For each patient, the first CT was selected as the reference image for IMRT treatment planning to prescribe 78 Gy to CTV_prostate and 66 Gy to CTV_SV in 30 fractions. As we are studying delineation uncertainty in isolation, the other image sets were not utilized in this study. Seven coplanar (transverse) photon beams with gantry angles 30°, 80°, 130°, 180°, 230°, 280°, 330° were utilized with the beam isocenter at the prostate centroid. The in-house IMRT criteria used for CP_OM, CP_COP, and FM were the same as a recent published work.²⁰ For the CP techniques, the coverage probability objectives³⁴ were CTV_prostate D_98,95 ≥ 78 Gy, D_2,5 ≤ 81 Gy, CTV_SV D_98,95 ≥ 66 Gy, bladder D_70,5 ≤ 18 Gy, D_50,5 ≤ 36 Gy, D_30,5 ≤ 57 Gy, D_20,5 ≤ 66 Gy, D_14,5 ≤ 69 Gy, D_9,5 ≤ 75 Gy, D_2,5 ≤ 81 Gy, and rectum D_50,5 ≤ 36 Gy, D_30,5 ≤ 51 Gy, D_20,5 ≤ 66 Gy, D_5,5 ≤ 69 Gy, D_2,5 ≤ 75 Gy. To achieve the static dose–volume criteria (used for FM or CP_OM) for 95% of the alternative structure sets simulated, q = 95% and q = 5% coverage values were selected for minimum (target) or maximum (OAR) percentile DVH (pDVH) criteria used for CP_COP.³⁵ All of the optimizations were performed using direct machine parameter optimization (DMPO) in the pinnacle ³ (research version 9.100) TPS (Philips Medical Systems, Fitchburg, WI). The optimizer was run for maximal 50 iterations and dose grid resolution was 2 × 2 × 2 mm³ for both evaluation and optimization.

2.B. Coverage evaluation and coverage-based optimization

2.B.1. Coverage evaluation—pDVH

Coverage probability for each potential treatment plan was evaluated by mimicking dose delivery for 1000 alternative ROI structure sets.

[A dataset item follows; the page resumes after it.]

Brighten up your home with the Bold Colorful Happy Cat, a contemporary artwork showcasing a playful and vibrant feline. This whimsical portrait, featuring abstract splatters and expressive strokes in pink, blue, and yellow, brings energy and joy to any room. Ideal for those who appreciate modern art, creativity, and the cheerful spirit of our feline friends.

Each alternative structure of each set was independently sampled from the DU model, yielding different dose evaluations for each ROI. The 1000 alternative DVHs per ROI rendered a distribution from which the likelihood of achieving the specified dose-volume metric was determined.

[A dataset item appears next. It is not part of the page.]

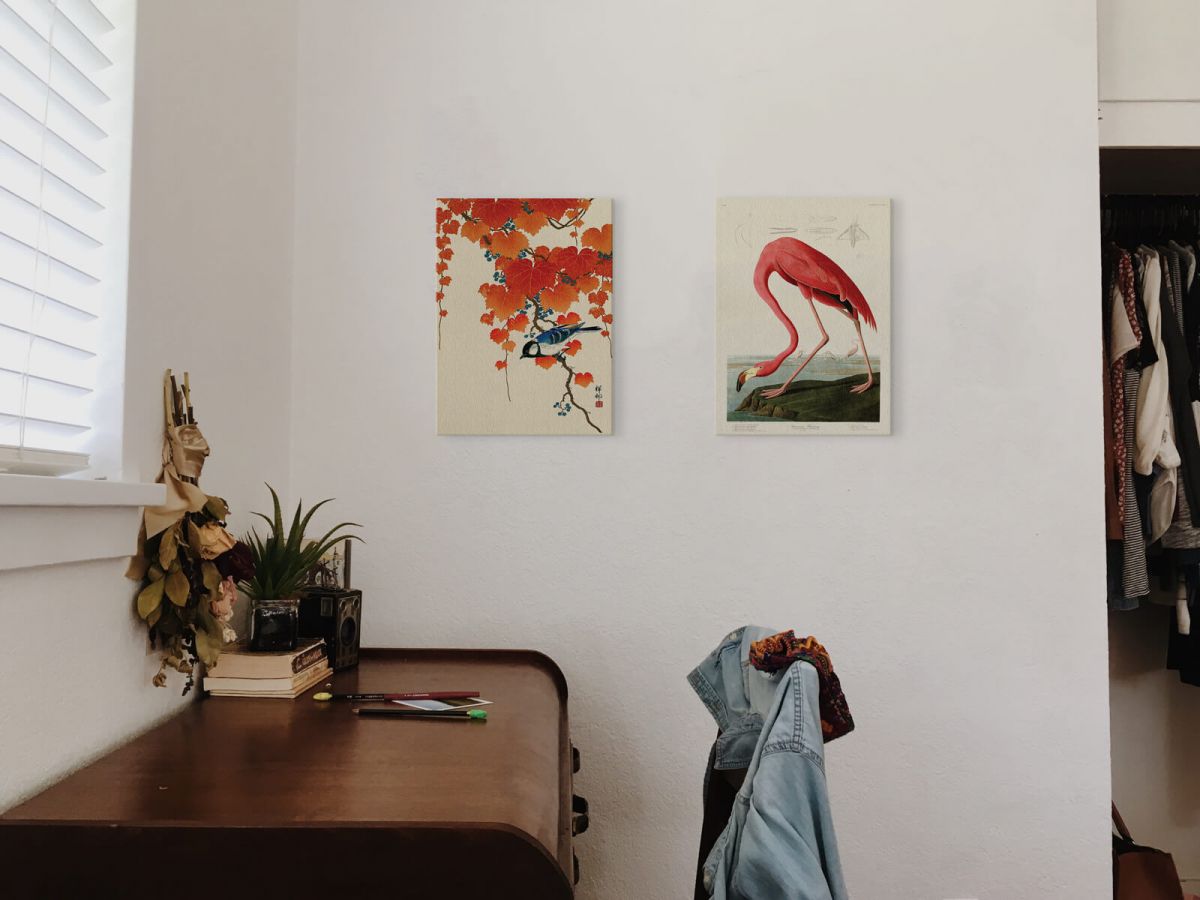 Bird and Red Ivy - obraz na płótnie

From the DVH distribution, a percentile DVH at a specific coverage probability q was constructed by finding the line with equal coverage probability as a function of dose. Readers are referred to the previous^19,20 work for details. The pDVHs were used in not only plan evaluation to estimate the chance that dose volume criteria may be met, but also in the CP_COP dose optimization to drive the pDVHs toward the desired coverage metrics.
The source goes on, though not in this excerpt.